→ Given data
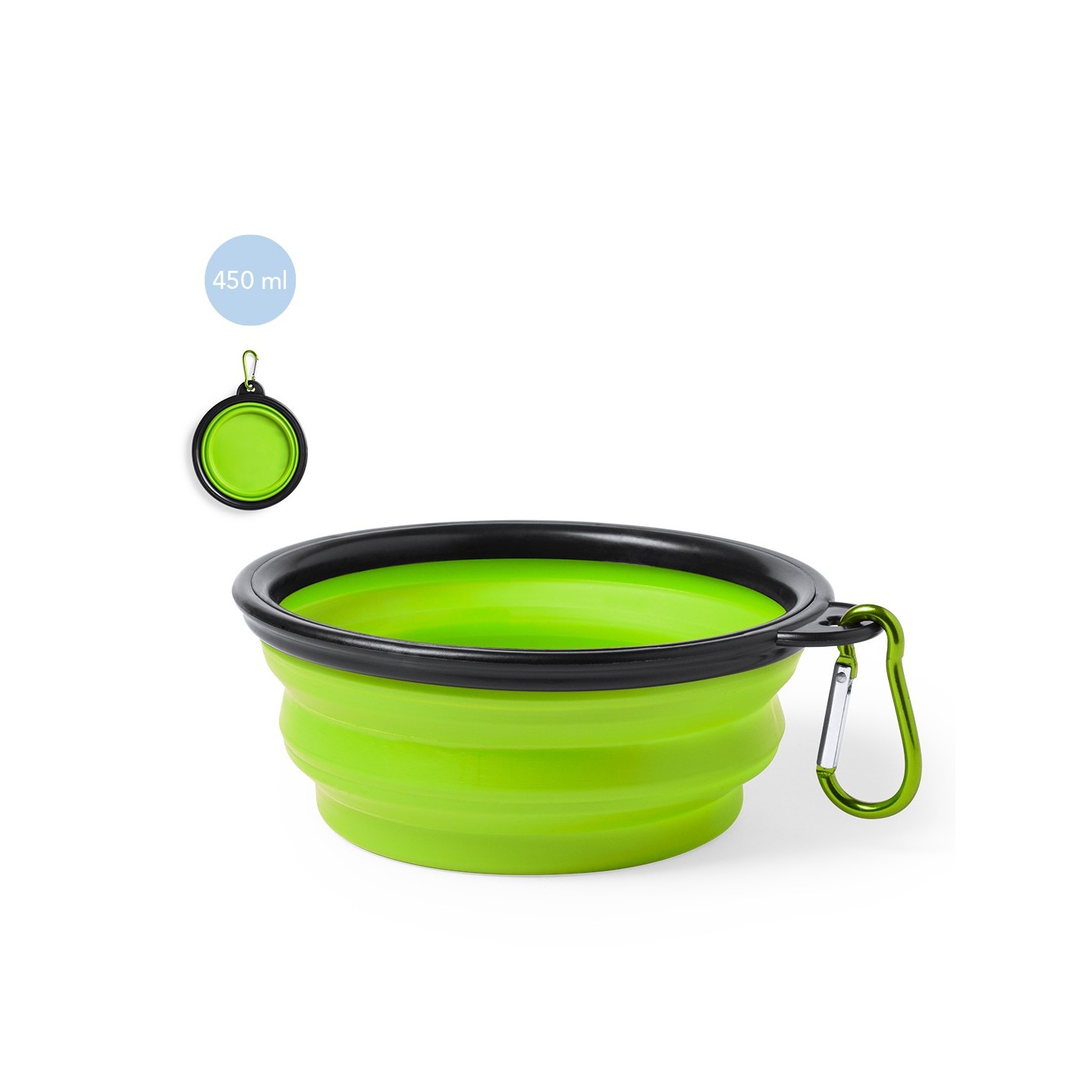 El Bowl Plegable Baloyn es práctico y resistente para mascotas. Capacidad 450ml, diseño plegable y mosquetón metálico. Ideal para paseos y viajes.
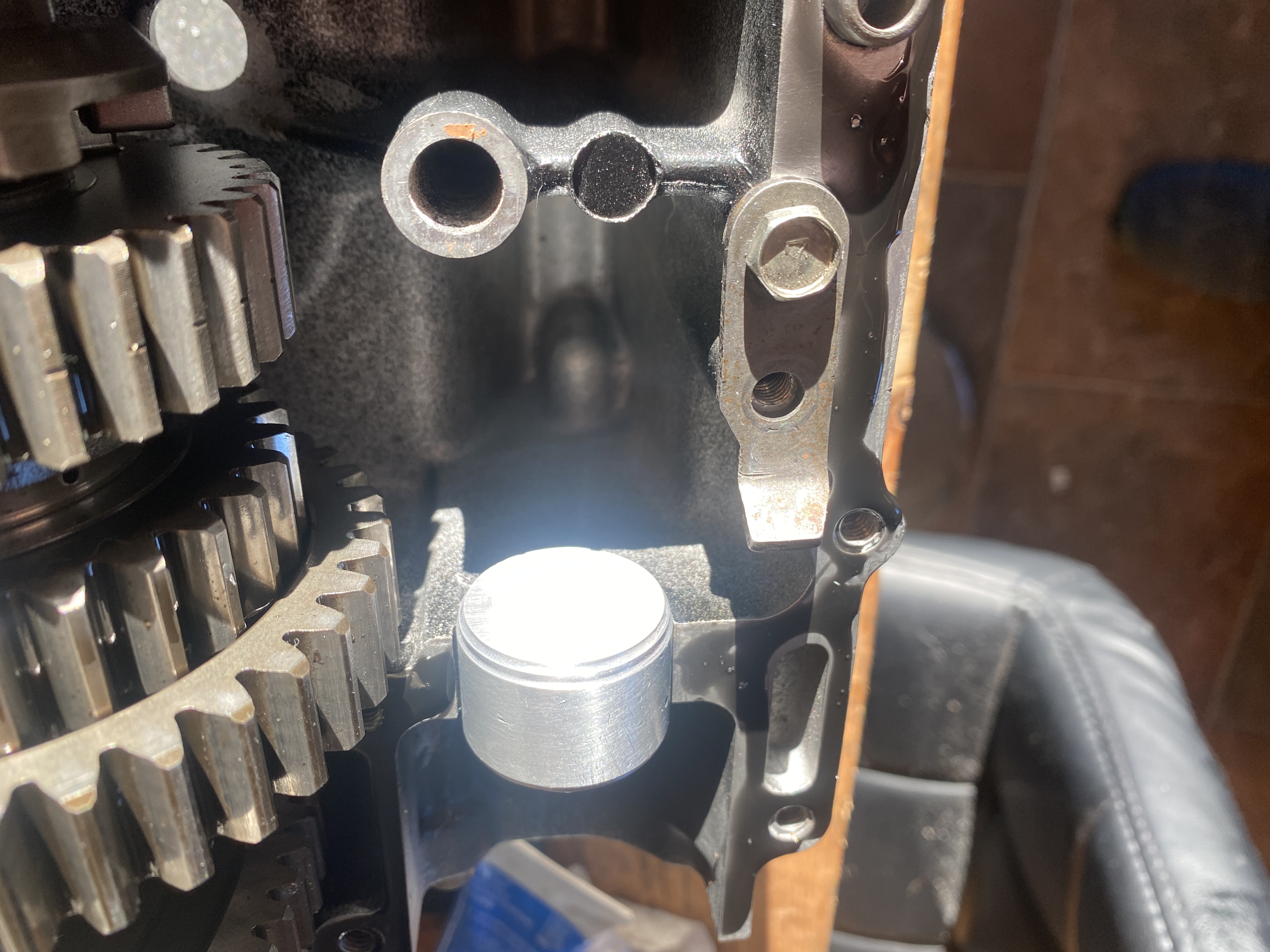 Worked on tying up the bottom end of my Z1000 st chain conversion, was sent the wrong heavy duty cam chain, took an age to get it back to the states and then back to me, then work happened. Installed the APE heavy duty main Bearing Studs, new bearings just about everywhere and new case bolts too. Before i bolted it all up i made a plug in place of the kickstart that im not using, that way the kickstart chamber wont fill up faster than it can empty.
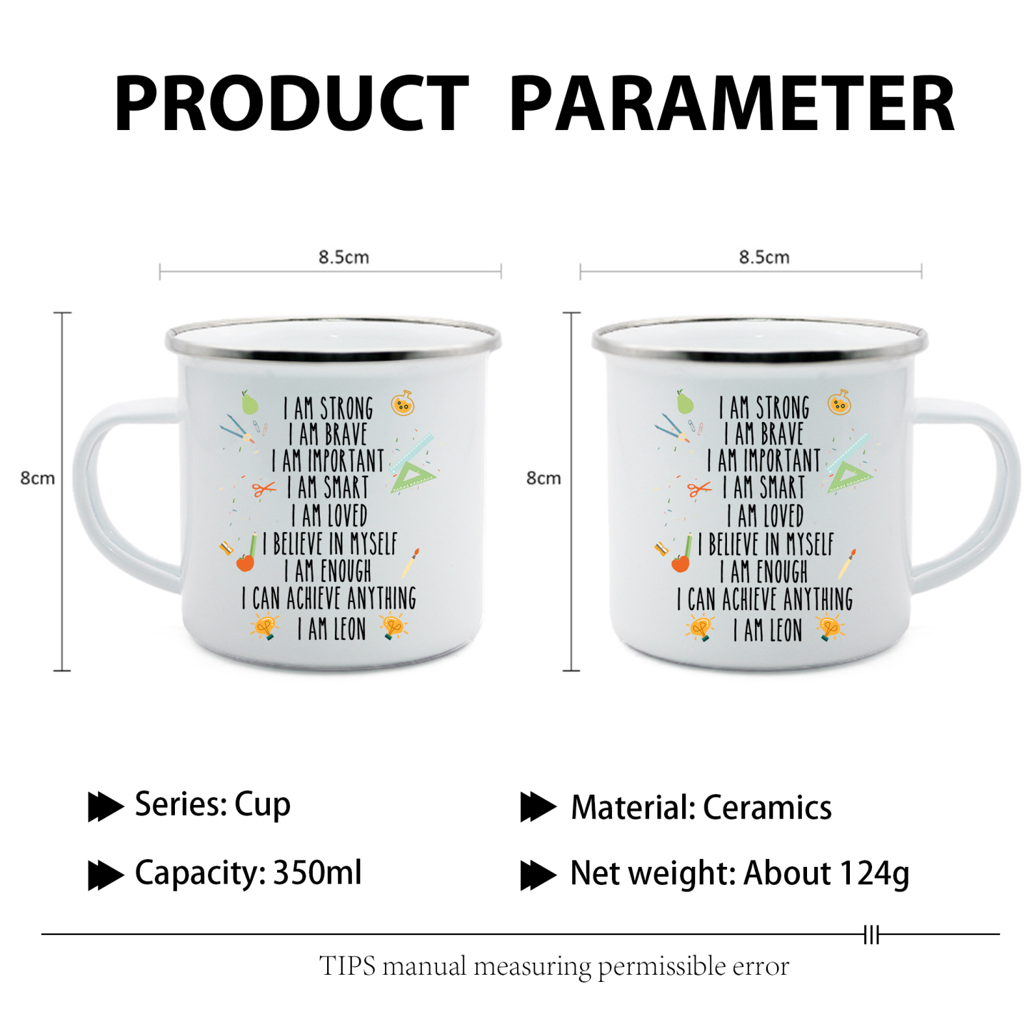 Personalized Name Enamel Mug, I Am Strong, Back To School Gift For Son/Daughter
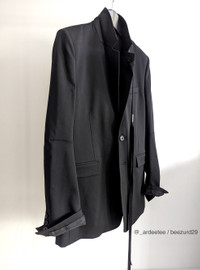 ANN DEMEULEMEESTER :: ALEXANDER 2-BUTTON RIBBON JACKET :: BLACK * BRAND NEW WITH TAGS * TAGGED SIZE 46FR / 50IT / M Shoulders 18" / Pit 20.5" / Back length 32.5" / Sleeve 28" Ann Demeulemeester is widely recognized for delivering modern collections that strike a poetic balance between darkness and light as well as masculinity and femininity. Poetry in motion -- this Alexander jacket is showcased throughout the FW21 lookbook and has been curated from a beautiful wool garbadine Distinctive long black ribbon detailing with silver-tone metal details with an embossed logo Inner strap that can be buttoned to be used as an optional front closure or a carry strap Chest pocket, 2 hand pockets, single rear vent Multiple interior pockets Garbadine comfort 100% Virgin Wool Made in Italy Retails $2,270+ USD -------------------------- 👉Faster shipping options available! @_ardeetee 👉Ships out ASAP 👉Please ignore the grailed US sizing and refer to the designer indicated size and measurements 👉All my items are BRAND NEW unless otherwise indicated 👉NO TRADES, holds, returns/exchanges. Appreciate your understanding!
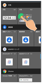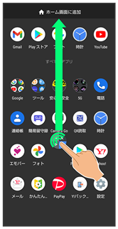 - アプリ一覧画面でアプリをロングタッチし、「ホーム画面に追加」までドラッグ
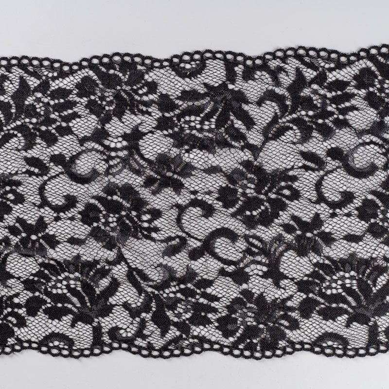 Эластичное кружево сочетает в себе мягкость, прочность и красоту, благодаря своей упругости оно долго не теряет первоначальную форму. Используется для пошива нижнего белья, а так же применяется как отделочный декор в одежде.
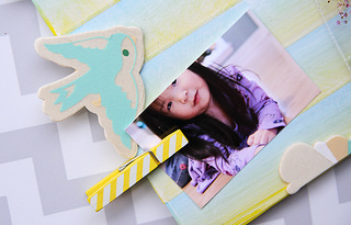 9) Add chipboard from the Prism kit, my daughter helping here.
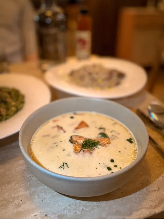這道挪威魚湯,帶有微微的奶香與蘿蔔的獨特氣息。搭配些許蔬菜和蒔蘿點綴,增添清新感。
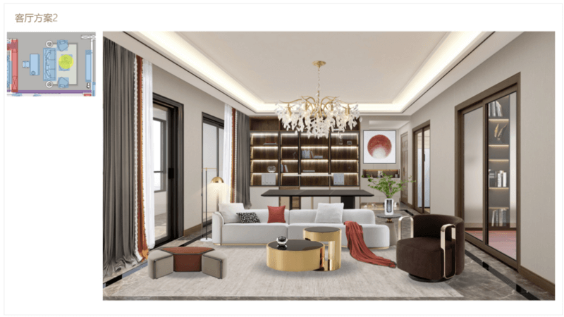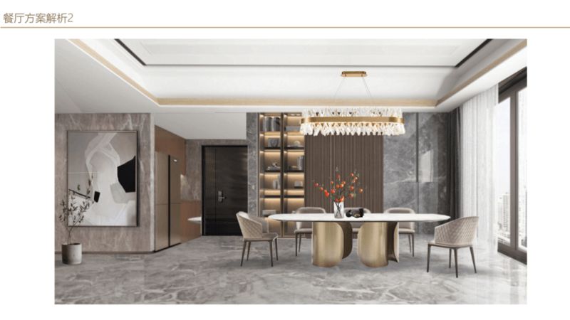 门厅入户增加玄关储物柜,解决换鞋、储物、挂衣的问题??吞黾庸δ苄缘难≡?,以沙发为隔断,增加开放式书房,选择整墙的收纳架,再配上一张自带高级感的书桌,轻松营造出有品位的学习工作环境。也可以当作茶室来使用,随时改变空间性质。
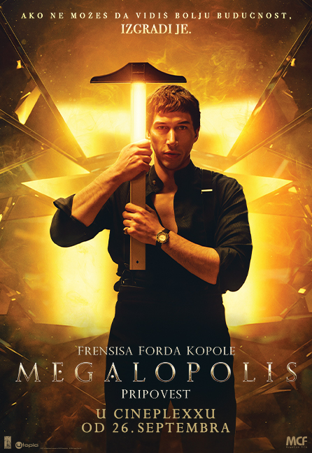 - „MEGALOPOLIS“ – Grad Rim se mora promeniti, izazivajući time konflikte između Cezara Kataline, genijalnog umetnika koji nastoji da uskoči u utopsijku budućnost i njegovog protivnika, gradonačelnika Frenklina Cicerona posvećenog regresiji, održavanju pohlepe i posebnih interesa. Razapeta između njih je Julija Ciceron socijalistkinja, gradonačelnikova ćerka, čija je ljubav prema Cezaru podelila njenu lojalnost primoravajući je da sazna šta je to što čovečanstvo zaista zaslužuje.
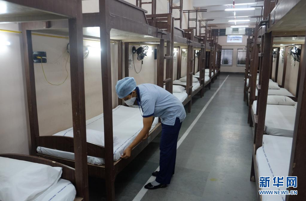5月6日,工作人員在印度加爾各答一處被改造成新冠隔離中心的足球場內整理床鋪。
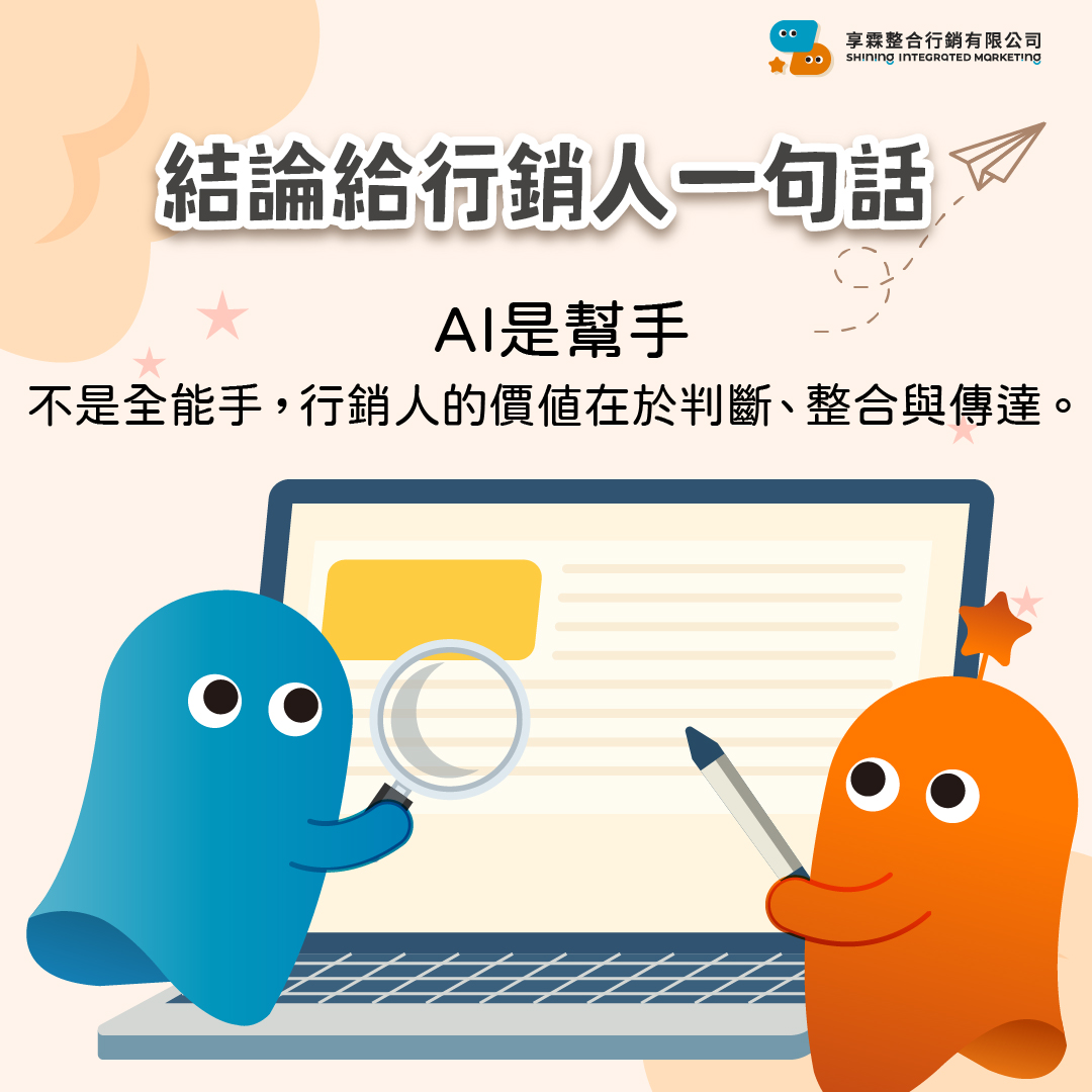 「AI 是幫手,不是全能手,行銷人的價值在於判斷、整合與傳達。」

→ Instructions for the task
Return the full listing exactly as it appears above, without its pictures.

→ Solved problem
 El Bowl Plegable Baloyn es práctico y resistente para mascotas. Capacidad 450ml, diseño plegable y mosquetón metálico. Ideal para paseos y viajes.
 Worked on tying up the bottom end of my Z1000 st chain conversion, was sent the wrong heavy duty cam chain, took an age to get it back to the states and then back to me, then work happened. Installed the APE heavy duty main Bearing Studs, new bearings just about everywhere and new case bolts too. Before i bolted it all up i made a plug in place of the kickstart that im not using, that way the kickstart chamber wont fill up faster than it can empty.
 Personalized Name Enamel Mug, I Am Strong, Back To School Gift For Son/Daughter
 ANN DEMEULEMEESTER :: ALEXANDER 2-BUTTON RIBBON JACKET :: BLACK * BRAND NEW WITH TAGS * TAGGED SIZE 46FR / 50IT / M Shoulders 18" / Pit 20.5" / Back length 32.5" / Sleeve 28" Ann Demeulemeester is widely recognized for delivering modern collections that strike a poetic balance between darkness and light as well as masculinity and femininity. Poetry in motion -- this Alexander jacket is showcased throughout the FW21 lookbook and has been curated from a beautiful wool garbadine Distinctive long black ribbon detailing with silver-tone metal details with an embossed logo Inner strap that can be buttoned to be used as an optional front closure or a carry strap Chest pocket, 2 hand pockets, single rear vent Multiple interior pockets Garbadine comfort 100% Virgin Wool Made in Italy Retails $2,270+ USD -------------------------- 👉Faster shipping options available! @_ardeetee 👉Ships out ASAP 👉Please ignore the grailed US sizing and refer to the designer indicated size and measurements 👉All my items are BRAND NEW unless otherwise indicated 👉NO TRADES, holds, returns/exchanges. Appreciate your understanding!
 - アプリ一覧画面でアプリをロングタッチし、「ホーム画面に追加」までドラッグ
 Эластичное кружево сочетает в себе мягкость, прочность и красоту, благодаря своей упругости оно долго не теряет первоначальную форму. Используется для пошива нижнего белья, а так же применяется как отделочный декор в одежде.
 9) Add chipboard from the Prism kit, my daughter helping here.
這道挪威魚湯,帶有微微的奶香與蘿蔔的獨特氣息。搭配些許蔬菜和蒔蘿點綴,增添清新感。
 门厅入户增加玄关储物柜,解决换鞋、储物、挂衣的问题??吞黾庸δ苄缘难≡?,以沙发为隔断,增加开放式书房,选择整墙的收纳架,再配上一张自带高级感的书桌,轻松营造出有品位的学习工作环境。也可以当作茶室来使用,随时改变空间性质。
 - „MEGALOPOLIS“ – Grad Rim se mora promeniti, izazivajući time konflikte između Cezara Kataline, genijalnog umetnika koji nastoji da uskoči u utopsijku budućnost i njegovog protivnika, gradonačelnika Frenklina Cicerona posvećenog regresiji, održavanju pohlepe i posebnih interesa. Razapeta između njih je Julija Ciceron socijalistkinja, gradonačelnikova ćerka, čija je ljubav prema Cezaru podelila njenu lojalnost primoravajući je da sazna šta je to što čovečanstvo zaista zaslužuje.
5月6日,工作人員在印度加爾各答一處被改造成新冠隔離中心的足球場內整理床鋪。
 「AI 是幫手,不是全能手,行銷人的價值在於判斷、整合與傳達。」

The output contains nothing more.